After the release of “Swag” and its follow-up, “Swag II,” Rolling Stone wrote: “Just when everyone was counting him out, Bieber surprised the world with the best music he’s ever made.”
Tapping into his anger and trauma seemingly helped.
On the “Therapy Session” skit with comedian Druski on “Swag,” Bieber confesses, “That’s been a tough thing for me recently, is feeling like I have had to go through a lot of my struggles as a human, as all of us do, really publicly.
“And so people are always asking if I’m OK, and that starts to really weigh on mе.”
Extreme weight loss in 2024 left Bieber looking almost skeletal, worrying fans and prompting his rep to tell TMZ in 2025 that he was healthy and not using drugs — and note that the past year had been “very transformative for him as he ended several close friendships and business relationships that no longer served him.”
Bieber has gone on to air all his issues in public, to the point where rumors have run rampant about his mental and physical stability.
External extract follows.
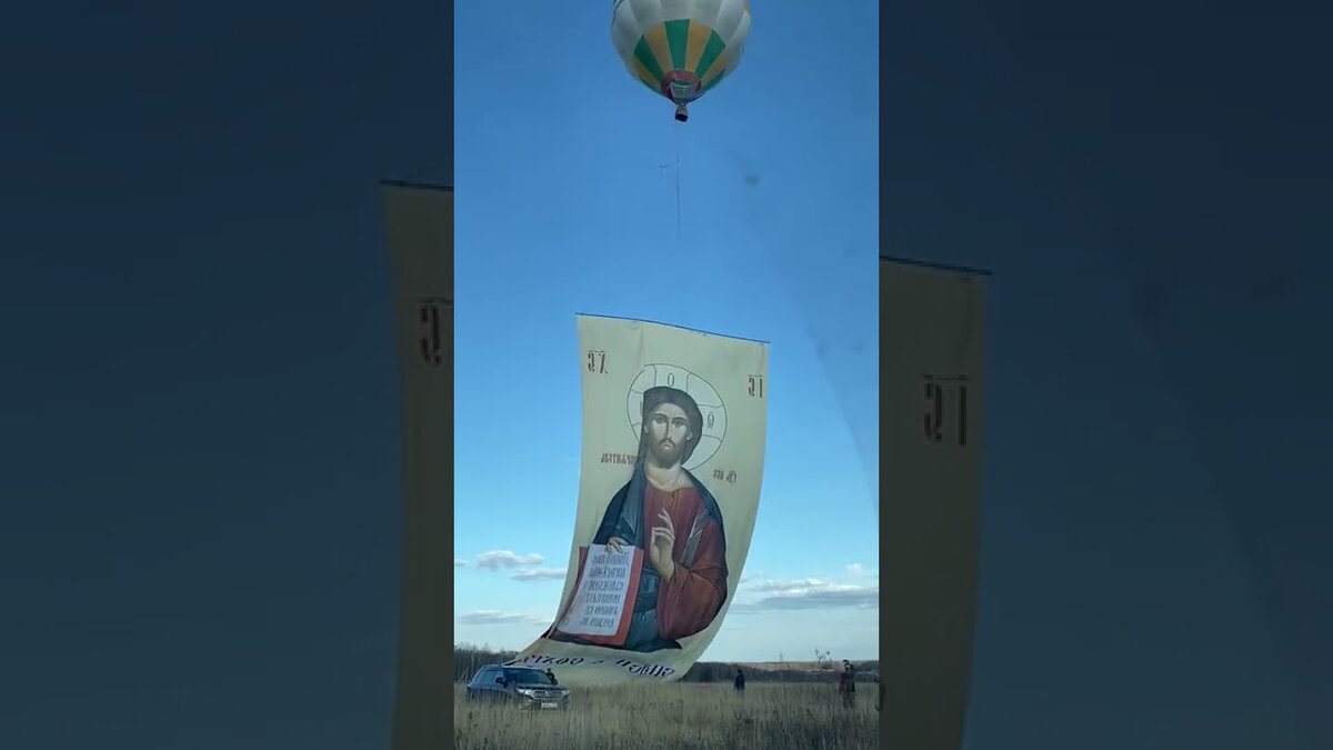 В Серпухове запустили аэростат с прикрепленным к нему 40- метровым полотном Иисуса.

“I personally have always felt unworthy,” he posted on Instagram last March. “Like I was a fraud.”
Days later, he vented about pent-up hatred from his past: “I was always told when I was a kid not to hate,” he wrote. “But it made me feel like I wasn’t allowed to hate it and so I didn’t tell anyone I’ve had it. Which made me feel like I have been drowning feeling unsafe to acknowledge it.”
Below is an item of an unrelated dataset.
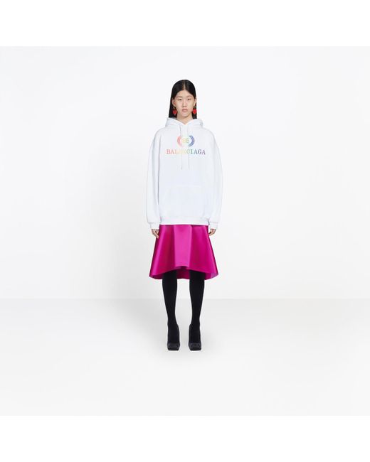 Sweatshirt à capuche blanc brodé BB Balenciaga. Coton molleton Coupe oversize. 1 poche kangourou. Capuche à lien coulissant. Broderie multicolore bb balenciaga devant. Fabriqué au portugal. Lavage à la main. Le mannequin mesure 178 cm et porte une taille fr s. 100% coton. Coloris : multicolore

“If you don’t like my anger you don’t like me,” he then declared in June, posting screenshots of his texts raging at an unnamed target. “My anger is a response to pain I have been thru. Asking a traumatized person not to be traumatized is simply mean … I enjoyed our short lived relationship.”
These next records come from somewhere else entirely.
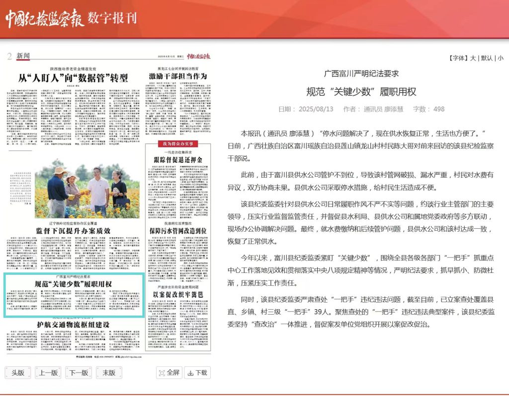 【中国纪检监察报关注富川】广西富川严明纪法要求规范“关键少数”履职用权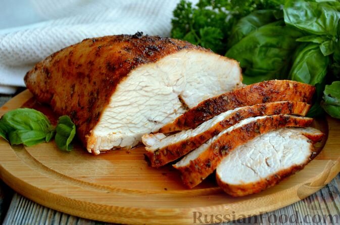 Филе индейки в пряном маринаде с соевым соусом держит курс на сочность и нежность. Рассол и маринад создают основу для мягкости, а затем запекание добавляет легкую карамелизацию на поверхности.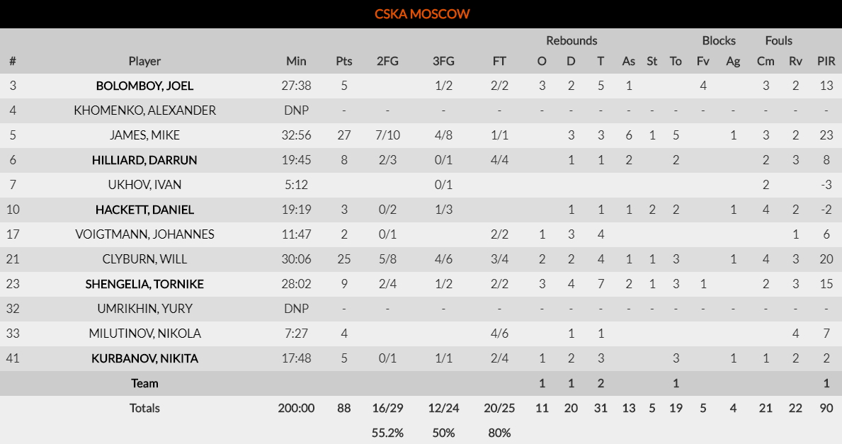 Κάπου εκεί πήραν μπρος οι Κλάιμπερν και Τζέιμς, που οδήγησαν την ομάδα της Μόσχας σε επιμέρους σκορ 15-5 και στο +6 (45-39 στο 18’). Το ημίχρονο έκλεισε με τους Ρώσους να έχουν εξαιρετικά ποσοστά ευστοχίας (9/11 δίποντα, 9/12 τρίποντα), τα οποία τους έφεραν στο +4 (51-47).

In April, Bieber launched his Skylrk clothing brand with a CGI video that depicted him walking into a house full of his old Drew House merch — and burning the place down.
Last November, he was seen crying in a resurfaced Twitch stream as he sang about a doomed relationship, prompting fans to wonder if he was singing about his former girlfriend Selena Gomez.
Meanwhile, his relationship with Hailey has stayed under the microscope. Last May, the “Baby” singer was vilified for a bizarre Instagram post when his wife was featured on the cover of Vogue.
He admitted that, during a “huge fight,” he’d told her she would never be in Vogue, adding “Yikes I know, so mean.”
Sharing that he said the words out of spite, the Grammy winner explained that “because I felt so disrespected I thought I gotta get even.”
Hailey will be by her husband’s side when he takes the stage at Coachella. Despite their ups and downs, sources said, the couple are still in it.
As crowds prepare to launch upon Palm Springs to see Bieber, the industry source said: “Coachella is not going to be ask you to headline if there’s no appetite … Justin is like Teflon. Despite everything, people still love him.”
“He’s a talented kid,” added the music insider, “and people only want to see him succeed. It’s always hard when you [were once a teeny hopper and [then] want to be a legitimate music artist. But everybody wants him.”